DepthPolyp / README.md
ReaganWZY's picture
Link DepthPolyp demo Space
671b796 verified
metadata
license: mit
library_name: pytorch
pipeline_tag: image-segmentation
tags:
  - medical-image-segmentation
  - image-segmentation
  - semantic-segmentation
  - polyp-segmentation
  - colonoscopy
  - depth-estimation
  - pseudo-depth
  - real-time
  - onnx
  - pytorch
  - arxiv:2605.16519
metrics:
  - dice
  - iou
  - recall

DepthPolyp: Pseudo-Depth Guided Lightweight Segmentation for Real-Time Colonoscopy

DepthPolyp is a lightweight pseudo-depth guided model for real-time colonoscopic polyp segmentation. Given an RGB colonoscopy frame, it jointly predicts:

  1. a binary polyp segmentation probability map
  2. a pseudo-depth probability map for depth-aware structural guidance

The model uses a MiT-B0 encoder and lightweight fusion/gating modules to keep deployment cost low while improving robustness under blur, illumination changes, reflections, and other real-world colonoscopy degradations.

Model Details

Item Value
Model DepthPolyp
Encoder MiT-B0
Input RGB image, 224 x 224
Outputs segmentation, pseudo-depth
Parameters 3.57M
Complexity 0.86 GMACs
Training data Kvasir-SEG with degradation-aware training
PyTorch checkpoint DepthPolyp_Kvasir.pth
ONNX checkpoint DepthPolyp_Kvasir.onnx

ONNX I/O names:

input: image
outputs: segmentation, depth

Intended Use

DepthPolyp is intended for research on colonoscopic polyp segmentation, lightweight medical image segmentation, robustness under endoscopic video degradation, and deployment-oriented model comparison.

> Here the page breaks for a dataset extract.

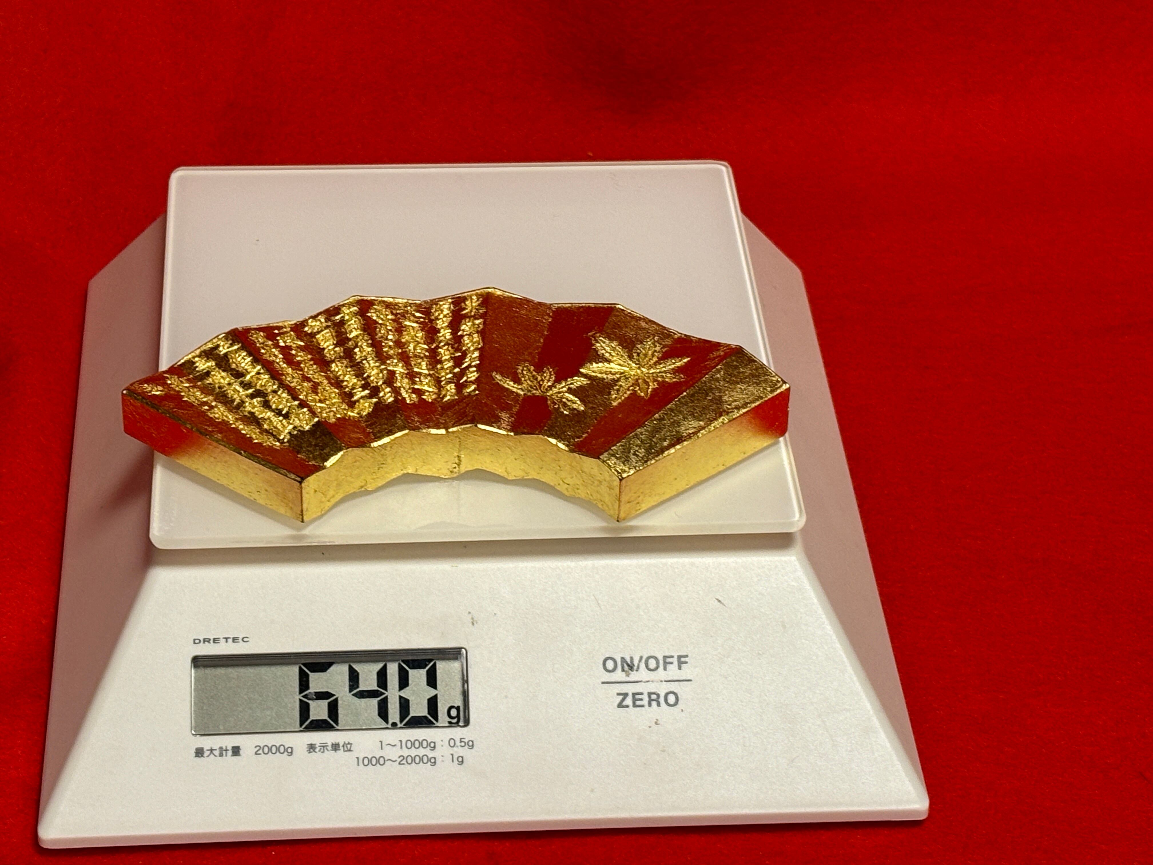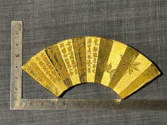<特 徴> 油煙墨で作られており扇面を模したお墨に金箔を貼っています。

This model is not a standalone medical device and is not intended for clinical diagnosis without appropriate validation, regulatory review, and expert oversight.

Quick Start: ONNX Runtime

pip install onnxruntime pillow numpy

python scripts/infer_onnx.py \
  --onnx DepthPolyp_Kvasir.onnx \
  --input samples/kvasir/images \
  --output outputs

The script writes binary masks, pseudo-depth visualizations, and mask overlays.

Quick Start: PyTorch

pip install torch torchvision pillow numpy
import torch
from PIL import Image
from torchvision import transforms

from model.depthpolyp import build_depthpolyp

device = "cuda" if torch.cuda.is_available() else "cpu"

model = build_depthpolyp(
    encoder_name="b0",
    in_channels=3,
    num_classes=2,
    decoder_channels=256,
    activation=None,
)
state_dict = torch.load("DepthPolyp_Kvasir.pth", map_location="cpu", weights_only=True)
model.load_state_dict(state_dict, strict=True)
model.to(device).eval()

image = Image.open("samples/kvasir/images/sample_01.jpg").convert("RGB")
transform = transforms.Compose([
    transforms.Resize((224, 224)),
    transforms.ToTensor(),
])
x = transform(image).unsqueeze(0).to(device)

with torch.no_grad():
    seg_prob, depth_prob = model(x)

print(seg_prob.shape)    # [1, 1, 224, 224]
print(depth_prob.shape)  # [1, 1, 224, 224]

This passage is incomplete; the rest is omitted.